Previous Appointees’ Contribution

  • Former Chairperson Justice Pinaki Chandra Ghose instituted key reforms in functioning through computerization, digitisation during his 2019-2022 tenure
  • Ensured inquiry procedures were systematized enabling swift case disposal, conviction in one case

CAG Performance Audit on Lokpal (2021)

Parameters Assessed
  • Pace of inquiry completion, monitoring efficiency, staff adequacy
Key Findings
  • Only 38% of inquiries completed within mandated one year duration
  • Absence of centralized case monitoring system constrained output measurement
  • Nearly 50% allocated positions vacant hampering case load management
Supreme Audit Recommendations
  • Expedite recruitment to bridge manpower deficiencies affecting productivity
  • Develop centralized registry for tracking inquiry stages towards adherence
  • Prepare clear target efficiency metrics for graft cases probing, judgment
Impact of Anti-Corruption Bureau, Lokayukta
  • Need assessed for harmonizing mandate equations to strengthen synergies on graft prevention
  • Institutional coordination vital for actionable shared learnings on investigation good practices

The appointment comes at an opportune time for India to reiterate anti-graft commitments domestically and internationally.
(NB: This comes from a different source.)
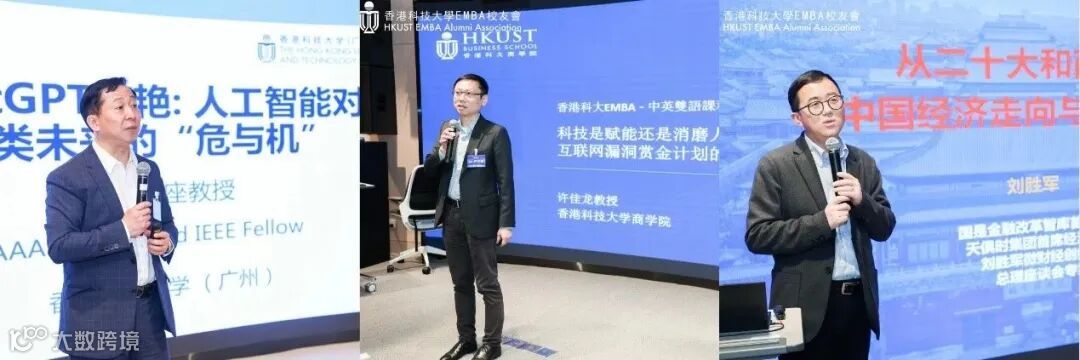 三天的活动,25日是核心重点。25日上午,曹志伟主席与熊伟国常务副主席组织校友们抵达香港科技大学(广州)校园,参与返校日课程。港科大商学院资深副院长许佳龙教授和港科大(广州)人工智能学域主任熊辉教授分别就《科技是赋能还是消磨人类的生产力?》、《ChatGPT 惊艳,人工智能对人类未来的“危与机”》等主题带来了最前沿的绝妙分享;下午,著名经济学家刘胜军对中国经济变化和中国新格局进行深度解构,为校友们带来了《后疫情时代,从两会看中国经济走向和全年投资机会》为题的精彩演讲,校友们纷纷表示课程收获满满、获益良多。白天的在校活动得到了香港科技大学(广州)校长倪明选教授的大力支持;香港科技大学商学院院长谭嘉因教授亦特地从香港赶来到场致贺。

Besides accelerating selections for member vacancies, financial constraints affecting operations require policy attention. Reducing delays by enhancing procedural transparency and prosecution capacities will help reverse unsatisfactory conviction trends. But beyond tools, the test lies in walking the talk through visibly impartial conduct inspiring public confidence.